What needs to be done »
Retype the following records exactly and exclude the pictures.
BEGIN Source data
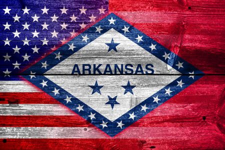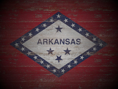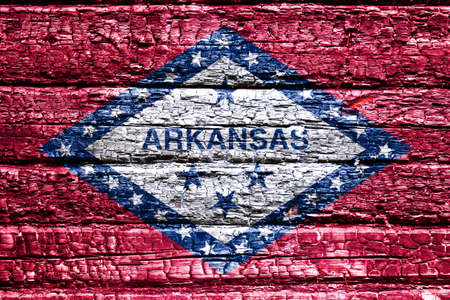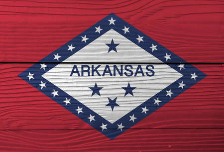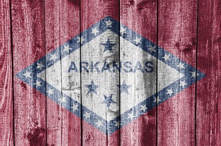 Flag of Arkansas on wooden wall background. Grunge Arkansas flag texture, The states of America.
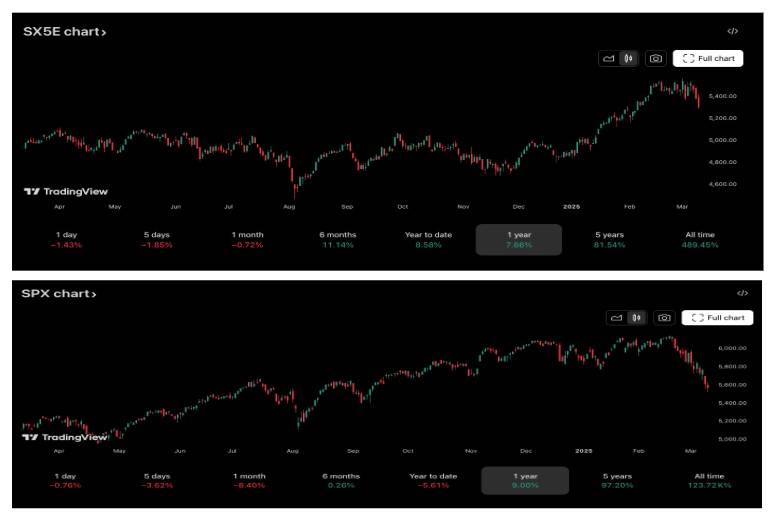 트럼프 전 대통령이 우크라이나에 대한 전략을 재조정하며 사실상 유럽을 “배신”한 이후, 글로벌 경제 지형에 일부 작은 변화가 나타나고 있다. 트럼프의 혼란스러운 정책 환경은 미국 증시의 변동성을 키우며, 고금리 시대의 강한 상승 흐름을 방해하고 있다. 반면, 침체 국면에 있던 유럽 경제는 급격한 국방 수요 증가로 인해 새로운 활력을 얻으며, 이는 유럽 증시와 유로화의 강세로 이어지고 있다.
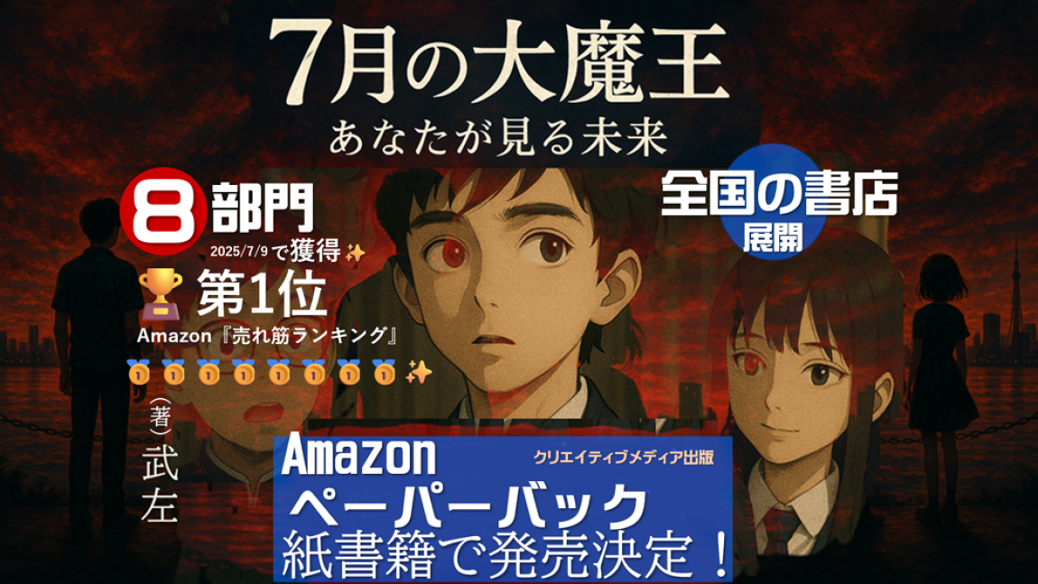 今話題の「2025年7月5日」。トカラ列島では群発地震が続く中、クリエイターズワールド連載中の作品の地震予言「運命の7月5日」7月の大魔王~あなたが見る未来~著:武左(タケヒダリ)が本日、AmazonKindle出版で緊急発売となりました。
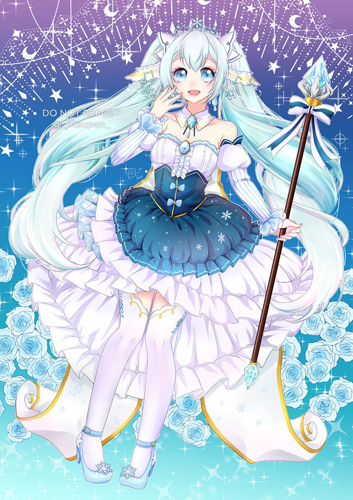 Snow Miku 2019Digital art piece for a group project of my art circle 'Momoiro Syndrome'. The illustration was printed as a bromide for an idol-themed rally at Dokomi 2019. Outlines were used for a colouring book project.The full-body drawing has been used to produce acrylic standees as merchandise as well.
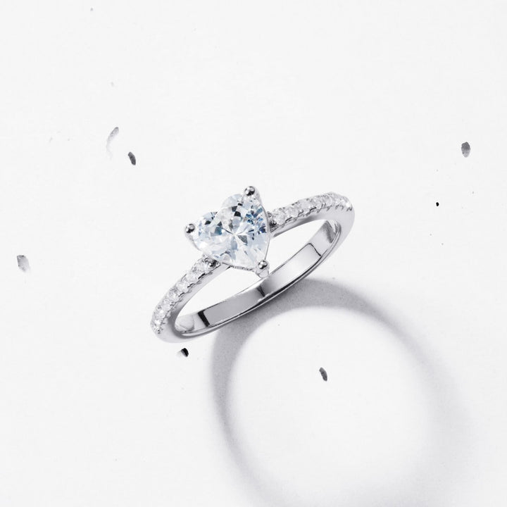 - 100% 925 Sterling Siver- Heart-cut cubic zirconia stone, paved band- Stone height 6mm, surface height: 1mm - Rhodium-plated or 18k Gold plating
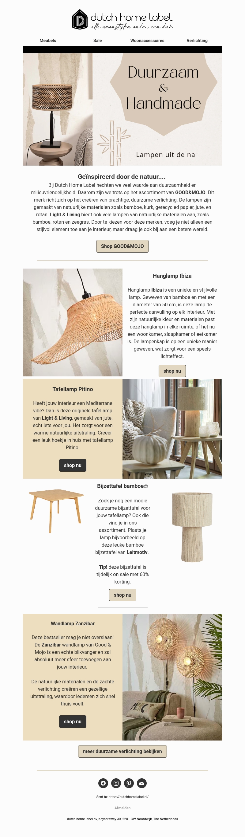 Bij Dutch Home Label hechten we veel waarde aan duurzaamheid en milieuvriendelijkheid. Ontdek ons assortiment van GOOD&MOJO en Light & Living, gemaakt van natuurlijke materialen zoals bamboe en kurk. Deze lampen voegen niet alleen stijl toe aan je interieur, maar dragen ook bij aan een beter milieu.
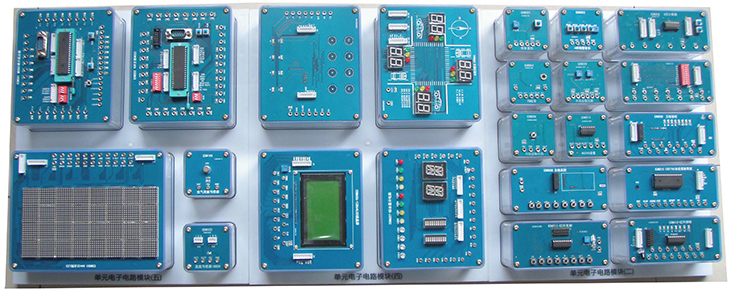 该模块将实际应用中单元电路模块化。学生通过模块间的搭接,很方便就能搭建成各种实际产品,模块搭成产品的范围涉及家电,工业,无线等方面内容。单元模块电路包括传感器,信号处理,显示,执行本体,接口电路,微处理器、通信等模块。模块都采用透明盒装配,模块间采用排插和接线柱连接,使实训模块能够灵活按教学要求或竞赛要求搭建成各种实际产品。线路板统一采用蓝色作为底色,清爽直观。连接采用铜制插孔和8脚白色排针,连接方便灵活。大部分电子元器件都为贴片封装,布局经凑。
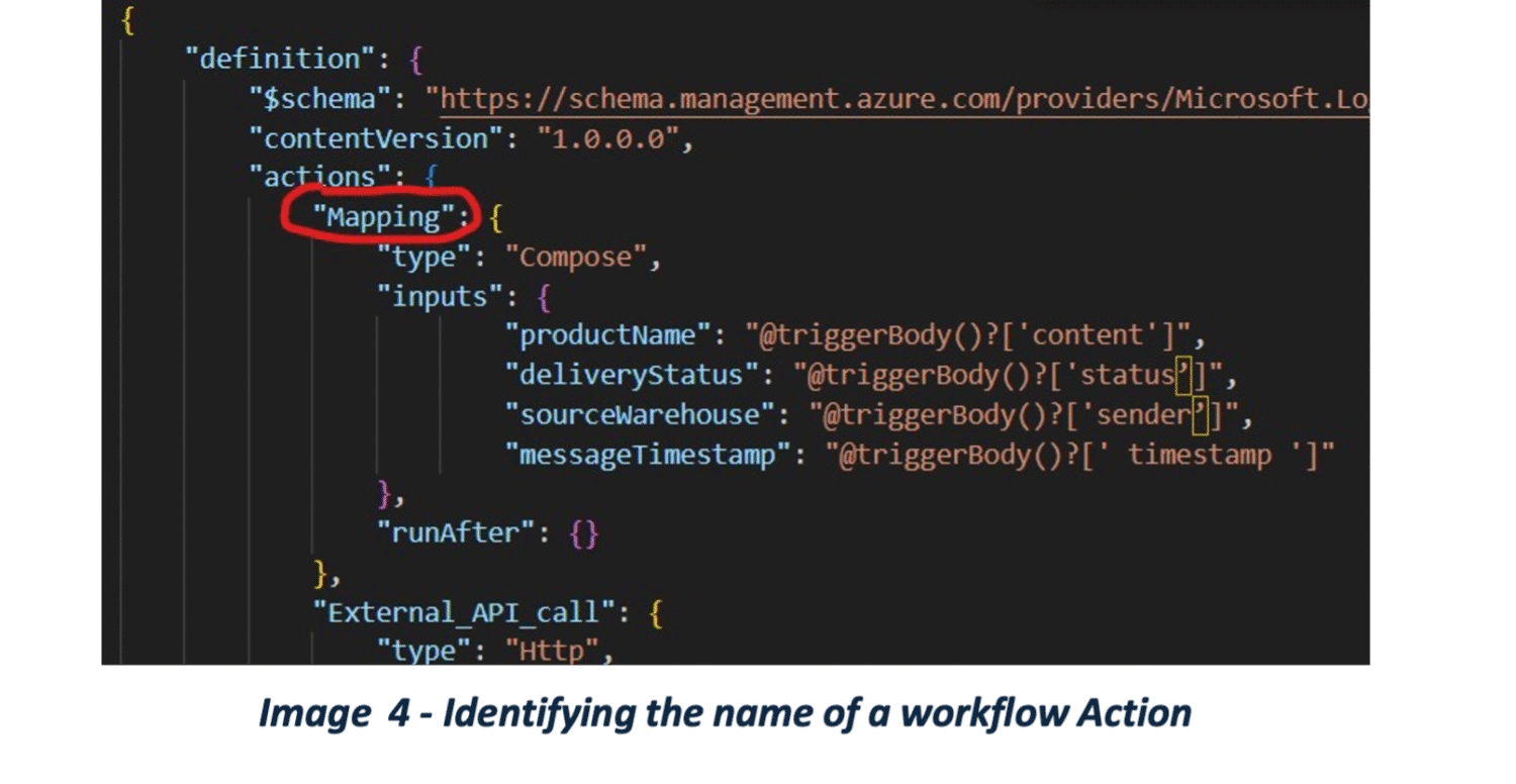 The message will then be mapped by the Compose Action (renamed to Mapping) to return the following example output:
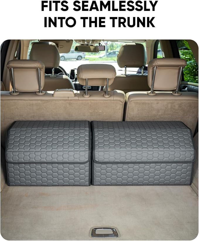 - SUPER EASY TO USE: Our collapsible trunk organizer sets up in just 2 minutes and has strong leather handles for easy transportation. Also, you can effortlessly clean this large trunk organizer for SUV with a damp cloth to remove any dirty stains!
END Source data
Completed task »
 Flag of Arkansas on wooden wall background. Grunge Arkansas flag texture, The states of America.
 트럼프 전 대통령이 우크라이나에 대한 전략을 재조정하며 사실상 유럽을 “배신”한 이후, 글로벌 경제 지형에 일부 작은 변화가 나타나고 있다. 트럼프의 혼란스러운 정책 환경은 미국 증시의 변동성을 키우며, 고금리 시대의 강한 상승 흐름을 방해하고 있다. 반면, 침체 국면에 있던 유럽 경제는 급격한 국방 수요 증가로 인해 새로운 활력을 얻으며, 이는 유럽 증시와 유로화의 강세로 이어지고 있다.
 今話題の「2025年7月5日」。トカラ列島では群発地震が続く中、クリエイターズワールド連載中の作品の地震予言「運命の7月5日」7月の大魔王~あなたが見る未来~著:武左(タケヒダリ)が本日、AmazonKindle出版で緊急発売となりました。
 Snow Miku 2019Digital art piece for a group project of my art circle 'Momoiro Syndrome'. The illustration was printed as a bromide for an idol-themed rally at Dokomi 2019. Outlines were used for a colouring book project.The full-body drawing has been used to produce acrylic standees as merchandise as well.
 - 100% 925 Sterling Siver- Heart-cut cubic zirconia stone, paved band- Stone height 6mm, surface height: 1mm - Rhodium-plated or 18k Gold plating
 Bij Dutch Home Label hechten we veel waarde aan duurzaamheid en milieuvriendelijkheid. Ontdek ons assortiment van GOOD&MOJO en Light & Living, gemaakt van natuurlijke materialen zoals bamboe en kurk. Deze lampen voegen niet alleen stijl toe aan je interieur, maar dragen ook bij aan een beter milieu.
 该模块将实际应用中单元电路模块化。学生通过模块间的搭接,很方便就能搭建成各种实际产品,模块搭成产品的范围涉及家电,工业,无线等方面内容。单元模块电路包括传感器,信号处理,显示,执行本体,接口电路,微处理器、通信等模块。模块都采用透明盒装配,模块间采用排插和接线柱连接,使实训模块能够灵活按教学要求或竞赛要求搭建成各种实际产品。线路板统一采用蓝色作为底色,清爽直观。连接采用铜制插孔和8脚白色排针,连接方便灵活。大部分电子元器件都为贴片封装,布局经凑。
 The message will then be mapped by the Compose Action (renamed to Mapping) to return the following example output:
 - SUPER EASY TO USE: Our collapsible trunk organizer sets up in just 2 minutes and has strong leather handles for easy transportation. Also, you can effortlessly clean this large trunk organizer for SUV with a damp cloth to remove any dirty stains!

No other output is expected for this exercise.